Why hadn’t she asked the old man about the painting’s value? She didn’t even know who painted it, whether it was someone famous. Stupid.
Martine sucked in her breath. “Watch yourself, Aimée. Serbian tough men score low on finesse points. I wrote an article on them last year. We know they contract out. It’s the employer to watch out for.”
Morbier and the medic had cautioned the same thing.
“But what’s really important is that you’re not making a mistake with Melac,” Martine said. “He’s moving in with you, non?”
Typical. Only Martine could be thinking about Aimée’s love life at a time like this. “Only if Miles Davis agrees,” she said. “It’s complicated as usual.”
Melac, Aimée’s Brigade Criminelle detective boyfriend, was never around these days; he’d been seconded to an assignment he couldn’t talk about. Only his citrus scent clung to the sheets.
“But if you still need an escort to Sebastien’s wedding, let me suggest a man. He reminds me of the chocolate you like; deep, dark, and yes, somewhat decadent. I’ll introduce you.”
Always the matchmaker, Martine.
“Meanwhile, I’ll contact my seamstress,” she continued. “A perfect magician with Dior alterations.”
Serge beckoned from the lab door.
“Got to go, Martine,” she said. “Date with a cadaver.”
She hung up. A little shudder ran through her. Put yourself in René’s size twos. Was Martine implying that her selfish streak had surfaced again—the self-absorbed eye-blinkered mode? Had she driven René away, put too much pressure on him, relied on him too much? She’d made it all go wrong, as usual.

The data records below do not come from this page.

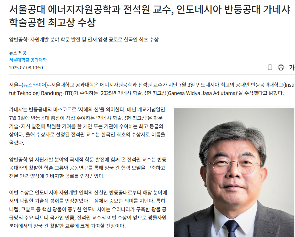 서울공대 에너지 자원공학과 전석원 교수님이 인도네시아 최고의 공대인 반둥공과대학교(Institut Teknologi Bandung·ITB)가 수여하는 ‘2025년 가네샤 학술공헌 최고상(Ganesa Widya Jasa Adiutama)’을 한국인 최초로 수상하였다. (관련 기사)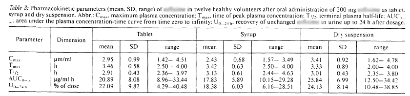 上表給出了給藥劑量均為200mg的前提下,片劑、糖漿、干混懸劑之間的藥動學參數對比,由于糖漿劑劑型比較復雜,受糖漿粘度影響,可能影響體內吸收,暫不做考慮,單純對比片劑以及干混懸劑的藥動學參數,如下: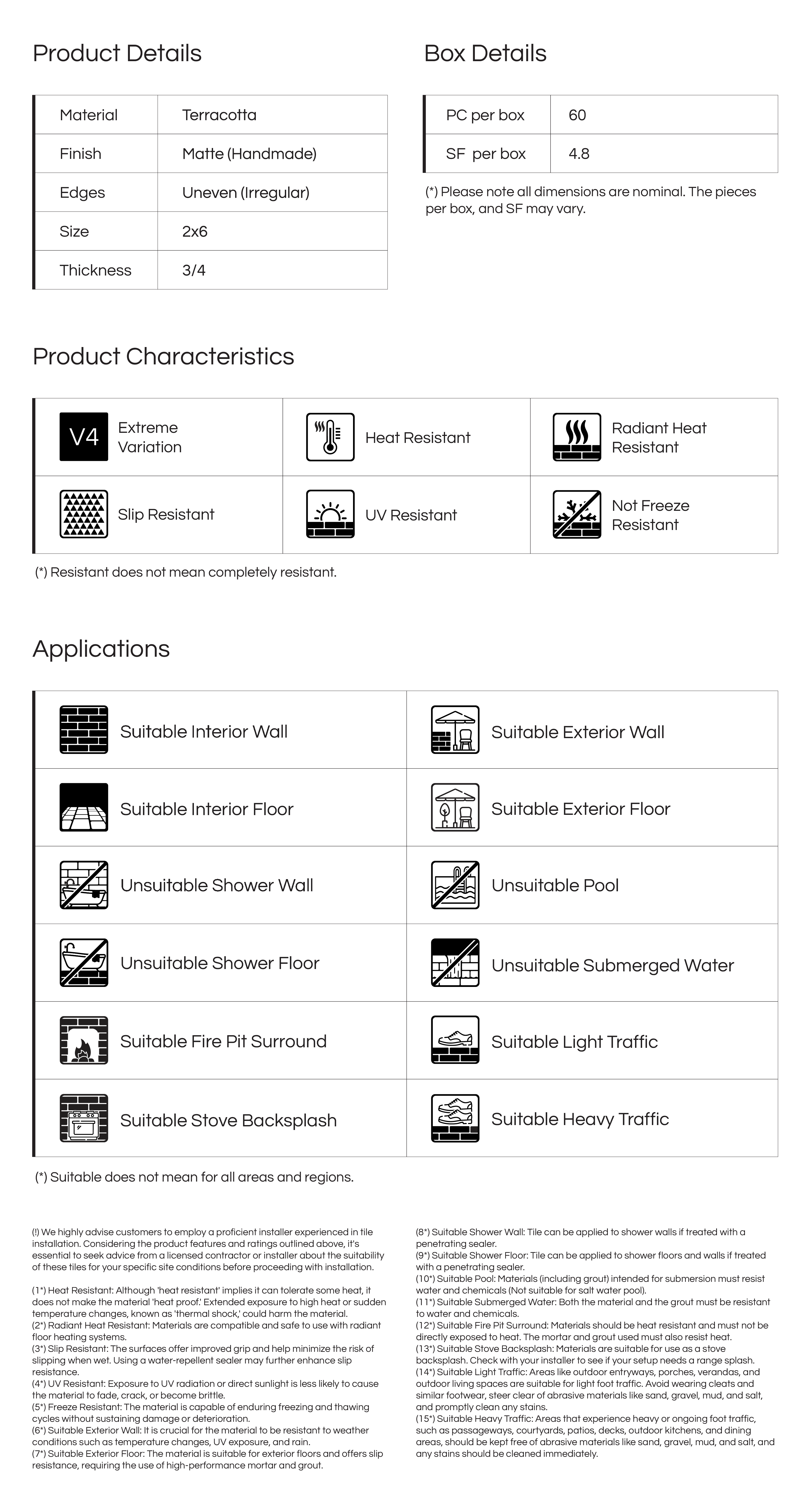 Size Variations: Due to the natural and handmade process of creating Terracotta tiles, slight differences in size can occur. This requires more skill during installation to maintain consistent grout lines.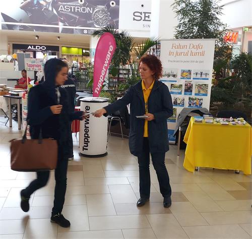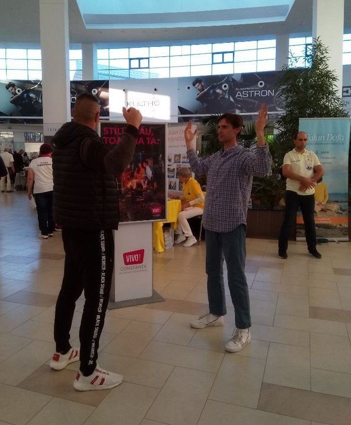 年轻的埃琳娜(Elena)在按摩椅后面发现了别人遗留下的法轮功传单。她立刻去找到了展位了解法轮功。第二天上午九点,她出现在康斯坦察公园的晨炼现场,跟随法轮功学员们一起炼功。炼功后,她表示在以后的生活中要遵循“真善忍”的原则行事。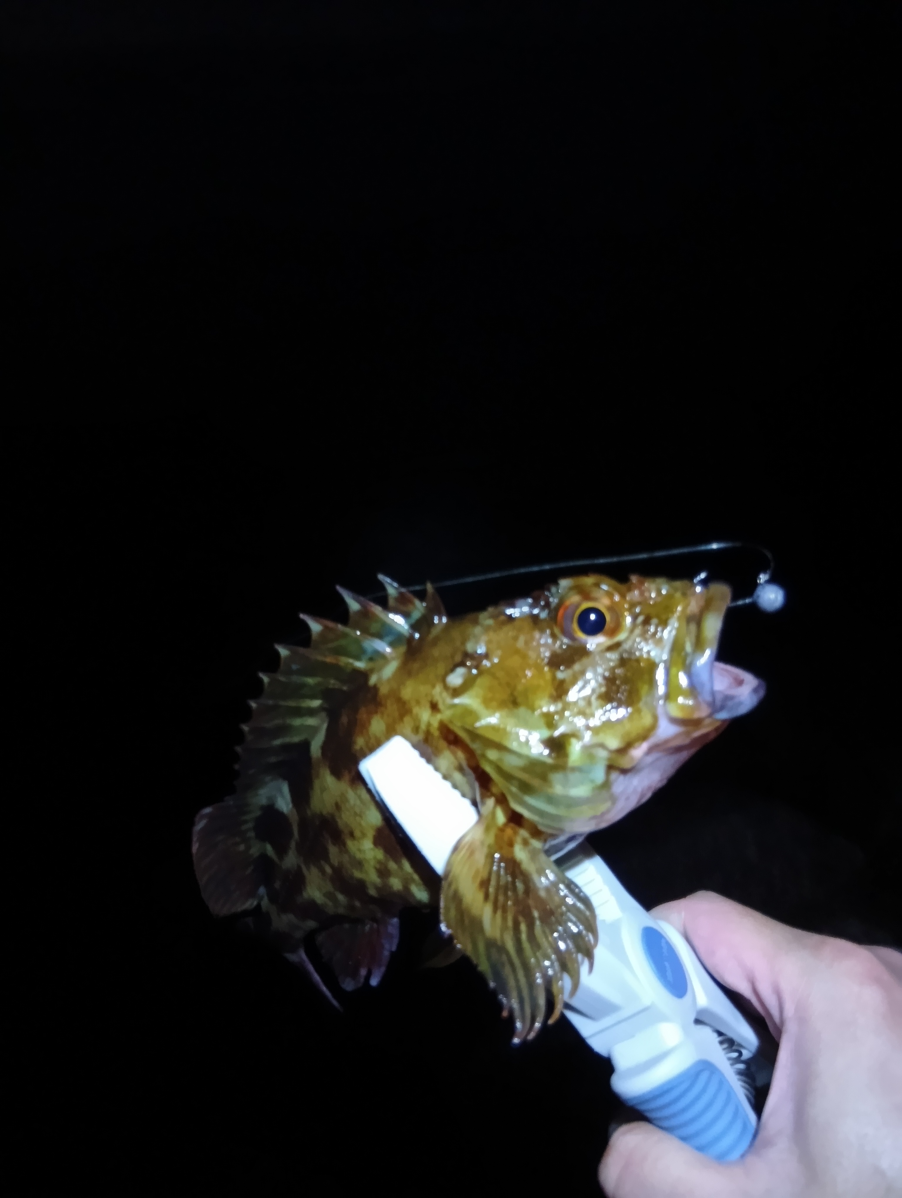 三重県津市の日本鋼管で夜釣りを楽しんできました。グレがつれてきたのでポケベイト、ポケイソメを使用してねらってみました。ポケベイトのサイズは写真くらいの大きさで十分アタリあります。逆に長すぎると餌だけ取られます。1投目から幸先よく20cmに満たないカサゴをGET。そこから場所を転々とし数を追加していきますが、どれも20cm未満。帰ろうかと最後のポイントで25cmほどのカサゴをGET。1時間ほどですがあたりも多くたのしめました。お目当てのぐれが出ず、なかなか巻き餌をしない釣り方や生エサでないと厳しいのか。この日は顔を拝めずでした。。。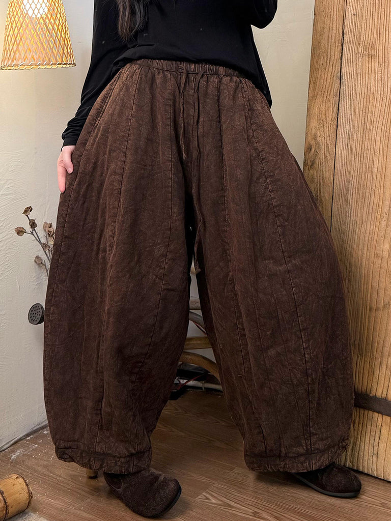 Women Autumn Retro Linen Spliced Harem Padded Pants

Practice your profession but also have a life, her Papa always told her. Morbier had no life—correction, even he had a woman making him morning coffee and she could imagine what else. In the end, René, her best friend and partner, had left her. The agency needed to be kept afloat. Yet dwelling on that right now would get her nowhere.

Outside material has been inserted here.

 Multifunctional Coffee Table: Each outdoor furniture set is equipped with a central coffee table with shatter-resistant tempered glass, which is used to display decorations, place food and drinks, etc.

Aimée followed Serge down the stairs to the lower level, past the cold storage room and to the lab. The frigid air sent shivers up her neck.
Serge paused on the steps outside the morgue lab. The dark hairs below his knuckles were powdered with talc dust from his surgical gloves. “So you agree to help with the twins on their half-day holiday, Aimée?”
The usual price for any favors—babysitting his energetic twin boys, whom she likened to shooting balls of mercury.
“Your mother-in-law’s busy?” she said glumly.
He nodded. “Away for once at my wife’s sister’s in Sceaux.”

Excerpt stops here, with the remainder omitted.